REPUBLIKA.CO.ID, JAKARTA -- Orang-orang munafik tampil selayaknya kaum Mukminin di hadapan Nabi Muhammad SAW. Namun, dalam hatinya bergelora nafsu memusuhi Islam.
Dari Abu Hurairah. diketahui bahwa Rasulullah SAW bersabda, "Tanda-tanda orang munafik ada tiga. Apabila berkata, ia berdusta. Apabila berjanji, ia mengingkari. Dan apabila diberi amanah, ia berkhianat" (HR Bukhari).
Pada masa hayat Nabi SAW, terdapat seorang tokoh kaum munafik. Gembong kelompok 'bermuka dua' itu adalah Abdullah bin Ubay bin Salul.
Ia berasal dari Madinah al-Munawwarah. Di tengah kabilahnya, Abdullah bin Ubay adalah seorang yang dihormati.
Pada waktu awal-awal Rasulullah SAW berhijrah dari Makkah ke Madinah, Abdullah bin Ubay menghasut orang-orang agar menolak Nabi SAW dan kaum Muhajirin. Ia merasa, kalau saja sang utusan Allah tidak berpindah ke kotanya, maka penduduk setempat akan menjadikannya pemimpin tunggal.

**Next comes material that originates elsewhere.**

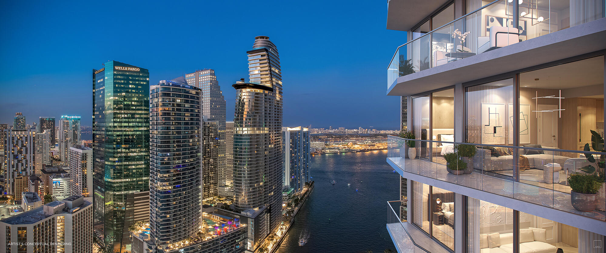 498 Residencias / 45 Pisos.Configuraciones de estudios, una y dos habitaciones.Desarrollado por The Related Group & Diseñado por Arquitectonica.

Namun, hasutannya tidak membuahkan hasil. Jauh lebih banyak penduduk Madinah yang mendukung kepemimpinan Rasulullah SAW. Alih-alih menunjukkan permusuhan secara terbuka, Abdullah bin Ubay memilih untuk menyembunyikan kebenciannya.
Seperti dikutip dari buku Tafsir fi Zhilal al-Qur'an karya Sayyid Quthb, sejumlah ayat Alquran turun dengan sebab (asbabun nuzul) sosok Abdullah bin Ubay. Misalnya, surah al-Munaafiquun ayat kelima hingga delapan.
Pada tahun keenam Hijriyah, terjadi Perang Bani Musthaliq yang memperhadapkan antara kaum Muslimin di satu pihak dan mereka yang memusuhi Islam di pihak lain. Dalam palagan ini, pasukan Islam meraih kemenangan.
Usai pertempuran, Rasulullah SAW memimpin kaum Muslimin untuk kembali ke Madinah. Mereka singgah terlebih dahulu di Muraisik, untuk menghimpun persediaan bekal dari sumber-sumber air setempat.
Saat itu, Umar bin Khattab menyewa seseorang dari Bani Ghaffar, yakni Jahjah bin Mas'ud untuk menuntun kudanya. Kemudian, orang suruhan ini mengambil air dari sumur terdekat.
Saat hendak menimba, ia berdesak-desakan dengan sejumlah orang. Tanpa sengaja, Jahjah menyenggol Sinan bin Wabar dari Kabilah Juhani. Lalu, terjadilah cekcok mulut.
Karena emosi, Sinan berteriak sambil menyebut-nyebut nama kabilahnya, yang termasuk penduduk asli Madinah atau Anshar. "Wahai orang-orang Anshar!" katanya.
Mendengar itu, Jahjah langsung berteriak, "Wahai orang-orang Muhajirin!"